Palliative care uses a team approach to support patients and their caregivers. It involves addressing suffering involves taking care of issues beyond physical symptoms. This includes addressing practical needs and providing bereavement counselling. It offers a support system to help patients live as actively as possible until death.
What is Hospice Care?
Hospice care focuses on the care, comfort and quality of life of a person with a serious illness who is approaching the end of life. Like palliative care, hospice provide comprehensive comfort care as well as support for the family but in hospice, attempts to cure the person’s illness are stopped.
Why we need Palliative Care?
Whether we are young or old, sick or well – the one thing we all have in common is that dying will be a part of our lives. For those with a serious, life limiting condition, palliative care can make it a more positive experience. It can enable people to be comfortable at the end of their lives and ease their concerns and that of their families, allowing them to enjoy their time together.Moreover, due toinappropriate communication between physician and patient and family, Palliative care can also support medical professionals as their patients transition from receiving treatments that aim for a cure, to care that seeks the best quality of life and symptoms management.
Principles of Palliative Care
* Affirms life and regards dying as a normal process.
* Intends neither to hasten nor postpone death.Offers a support system to help patients live as actively as possible until death.
* Offers a support system to help the family cope during the patient illness and in their own bereavement.
* Integrates the psychological and spiritual aspects of patient care.
Team of Palliative Care
Palliative care uses a team approach to support patients and their caregivers.This includes addressing practical needs and providing bereavement counselling.The team comprises of Doctors including general practitioners, palliative care specialists and other specialist doctors; Nurses; Allied health professionals including social workers, physiotherapist, clinical psychologist, pharmacists, dietitians; Secretary, Priest and Volunteers.Specialist palliative care staff are trained with specific skills and knowledge to help patients, their family and care-givers.. Palliative care staff have expertise in symptom management, emotional, spiritual, practical and cultural care.
Barriers in Palliative care
* Trust between staff and family
* Patient and family education (other caregivers).
* Education and training of palliative care for medical staff, particularly physicians and nurses is not available
* Lack of awareness among policy makers,health professionals and the public about what palliative care is, and the benefits it can offer patients and health systems
* Cultural and social barriers, such as beliefs about death and dying
* Misconceptions about palliative care, such as that it is only for patients with cancer, or for the last weeks of life
* Misconceptions that improving access to opioid analgesia will lead to increased substance abuse. Morphine is not readily available across the country. Opioids prescription is still restricted to 3-10 days.

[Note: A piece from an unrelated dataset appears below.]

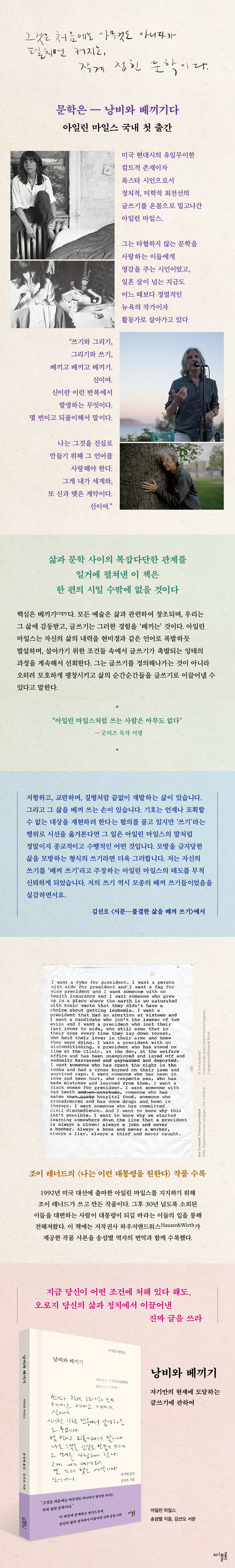 유일무이한 컬트적 존재이자 록스타 시인 아일린 마일스의 국내 첫 책 출간 문학은 낭비와 베끼기다! 이 세상에 존재하는 방식으로써, 당신의 삶과 정치에서 이끌어낸 진짜 글을 쓰라 미국 현대시의 유일무이한 컬트적 존재이자 ‘록스타’ 시인으로서 정치적, 미학적 최전선의 글쓰기를 온몸으로 밀고나간 아일린 마일스의 국내 첫 책이 출간되었다. 그는 반세기 가까운 전방위 글쓰기를 통해 타협하지 않는 문학을 사랑하는 이들에게 영감을 주는 시인이었고, 일흔 살이 넘는 지금도 어느 때보다 정열적인 뉴욕의 작가이자 활동가로 살아가고 있다. 1992년에는 노동계급 퀴어예술가로서 빌 클린턴과 조지 H. W. 부시가 맞붙었던 대선에 뛰어들어 미국 전역에 적지 않은 파문을 일으켰고, 당시 아일린 마일스의 출마에 응답하는 헌시 「나는 이런 대통령을 원한다I Want a President」(조이 레너드)는 삼십 년이 지난 현재까지도 전 세계 진보적 예술가들과 퀴어 커뮤니티의 열렬한 지지를 받고 있다. 핵심은 베끼기copy다. 모든 예술은 삶과 관련하여 창조되며, 우리는 그 삶에 감동받고, 글쓰기는 그러한 경험을 ‘베끼는 것’이다. 이는 어떤 존재를 원래의 장소에서 그대로 다른 맥락과 조건으로 옮겨옴으로써 생성되는 낯섦의 미학, 혹은 데페이즈망(전치)의 기법으로도 볼 수 있다. 마일스는 이러한 글쓰기를 항우울제나 유산소 운동처럼 삶을 획기적으로 바꿔줄 도구가 아니라, 끝없이 주문을 읊는 하나의 수행으로 지속한다. 자본으로 환원되지 않는, 순전한 시간 낭비로서 자기 삶과 우리를 둘러싼 세계를 베끼고 그 허위를 폭로하는 일이야말로 문학적 구원의 길이 된다. 그러므로 아일린 마일스의 글쓰기 스타일은 정치적 조건들과 밀접하면서도, ‘문학은 지극히 심오한 시간 낭비’일 뿐이라는 상반된 태도 사이에 존재한다. 그 사이에서 명멸하는 광증과 같은 글쓰기는 가난한 이들을 밀쳐대며 나아가는 대도시 뉴욕의 실체를 은유로서 그려낸다. 그리고 ‘대도시 뉴욕’은 ‘지금 여기의 도시’에서 반복되고 변주된다. 한국어판에는 저자와 자신을 기꺼이 ‘우리’라고 부르며 ‘대안적인 장소의 발명가’들이라고 밝힌 김선오 시인의 서문을 수록했다. 책 뒤편에는 조이 레너드의 헌시 「나는 이런 대통령을 원한다」 원문 도판과 번역을 실었다. 어떤 작품은 어수선하고 불결한 세계들이 모인 공공건물이다 작품을 끝내는 순간 여기 온 사람들의 것이니까 작가가 가장 먼저 그 속으로 사라지겠지만, 그다음은 독자들의 차례다 리베카 솔닛, 캐시 박 홍 등 유수의 작가들이 수상자로 이름을 올렸던 예일대학교 제정 윈덤캠벨문학상의 2019년 시상식에 아일린 마일스가 기조연설자로 나섰다. 그는 패티 스미스, 칼 오베 크나우스고르 등이 ‘나는 왜 쓰는가’라는 주제로 이어왔던 이 강연에서 사십 년 넘도록 살아온 아파트 이야기로 말문을 연다. 그를 작가로 만들어준 것은 다름 아닌 뉴욕의 아파트 임대 정책이라며, 자신의 글쓰기가 가능할 수 있었던 정치적, 사회적 조건들을 특유의 조소와 유머로 펼쳐 보인다. 자기 삶의 내력을 현미경과 같은 언어로 폭발하듯 발설하며, 번뜩이는 시적 문장들로 삶의 순간들이 글로 체화되는 과정을 비유한다. 이를 통해 작가의 마음은 어떤 조건에서 작동하는지, 세상에 존재하는 방식으로써 글쓰기란 무엇인지 파고든다. 이 책의 아름다움은 이러한 포스트모던적 글쓰기 스타일의 해부에 그치지 않는다. 아일린 마일스는 삶의 조건들에서 글쓰기가 촉발되는 잉태의 과정을 계속해서 선회하며, 자신의 글쓰기를 정의해나가는 것이 아니라 오히려 모호하게 팽창시키고 삶의 순간순간들을 글쓰기로 이끌어낼 수 있다고 말한다. 그 순간들은 대체로 가난한 사람들, 대안적인 사람들, 엉망진창인 사람들과 함께 사는 장소에서 이루어지는데 이들이야말로 삶의 목적을 가시화시키기 때문이다. 그러니 아일린 마일스 글쓰기의 형식이 ‘베끼기’에 있다면, 그 동력은 ‘불결하고 변칙적인 반사회적인 존재’ 자체로서 ‘표백된 정상성’의 사회에 계속해서 뛰어들려는, 그가 세계를 사랑하는 방식에 있다. “노동 계급 출신의 퀴어 예술가와 같은 반사회적 존재들의 불결함과 변칙성은 표백된 정상성 자본의 옆자리에서 더욱 역동적으로 가시화되기 마련입니다. 낙차에는 에너지가 있습니다. 시와 예술이 할 수 있는 일은 이러한 낙차를 동력으로 세계에 투신하고, 유희하며, 우리(‘노동 계급 출신의 퀴어 예술가’에 대한 거리 있는 접근처럼 글을 쓰려다가 실수로 우리라고 말해버렸지만 지우지 않겠습니다)를 위한 놀이터를 재창조하는 것입니다. 박탈의 경험은 언제나 공간을 전제로 할 뿐 아니라 공간을 만들어냅니다. 우리(또!)가 대안적인 장소의 발명가들이라는 사실은 언제나 자랑스러운 일입니다.”_「서문―불결한 삶을 베껴 쓰기」(김선오)에서 삶과 문학 사이의 복잡다단한 관계를 일거에 펼쳐낸 이 책은 한 편의 시일 수밖에 없을 것이다 이 책은 전체가 한 편의 시이기도 하다. 순순히 해독을 허락하지 않지만, 간결한 메시지로 통합할 수 없는 삶과 문학 사이의

Morphine consumption can be used as an approximate measure of the availability of pain control and hence availability of this form of palliative care. Developing countries consumed only 6% of global consumption of morphine( almost 80 percent of the world’s population). While 10 countries together accounted for 87% of total world consumption of morphine.
Palliative care in India
Palliative care remains an undeveloped and under resourced area of healthcare. Lack of palliative care training and the lack of awareness of needs. There is a need for a national programme of palliative care and to have a dedicated society for hospice care.

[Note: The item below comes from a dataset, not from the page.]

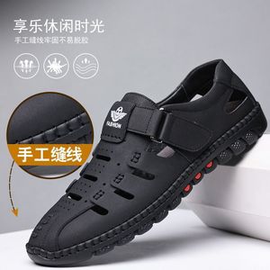 【本革牛革】サンダル男性本革抜き通気カジュアルソフト底滑り止め穴付き男性カジュアルサンダル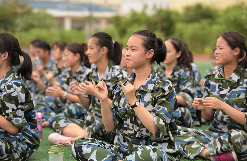 然而,辛苦之余,涌上我们心头的,是感恩,是幸福。我们的教官与我们同甘共苦,他们对每一个动作都要求严格;我们的老师全程陪伴,时刻关注我们的身体状况;我们身边的小伙伴,互相谦让、搞怪卖萌,有乐同享。

Palliative care services in GMC Jammu
Palliative Care services started in GMC Jammu in February 2020 in form of OPD services. There was a problem in sustaining because of the COVID and OPD room was taken over for vaccination. But our team never lost heart. We shifted to indoor palliative care services in oncology ward where our services were carried on in full swing.Following the patterns of recent concepts in palliative care, we have shifted our approach from giving care to end of life services to integration of palliative services from the very beginning of diagnosis of cancer. Our team immediately adopts the patients in oncology ward as soon as they are admitted. Our team coordinates with the oncology team. Both Oncology services and palliative care services are provided side by side.
* Our Consultants /residents are having daily rounds of patients in oncology ward along with oncology residents /consultants.
* While oncology doctors are looking after the cure, we are looking after the care. So, both care and cure are going side by side.
* OPD services are resumed in September 2021 and are fully functional.
What we need from the Government?
* National policies and programs for palliative care.
* Palliative care programs should be incorporated in the existing health care systems.
* Health care workers should adequately trained in palliative care.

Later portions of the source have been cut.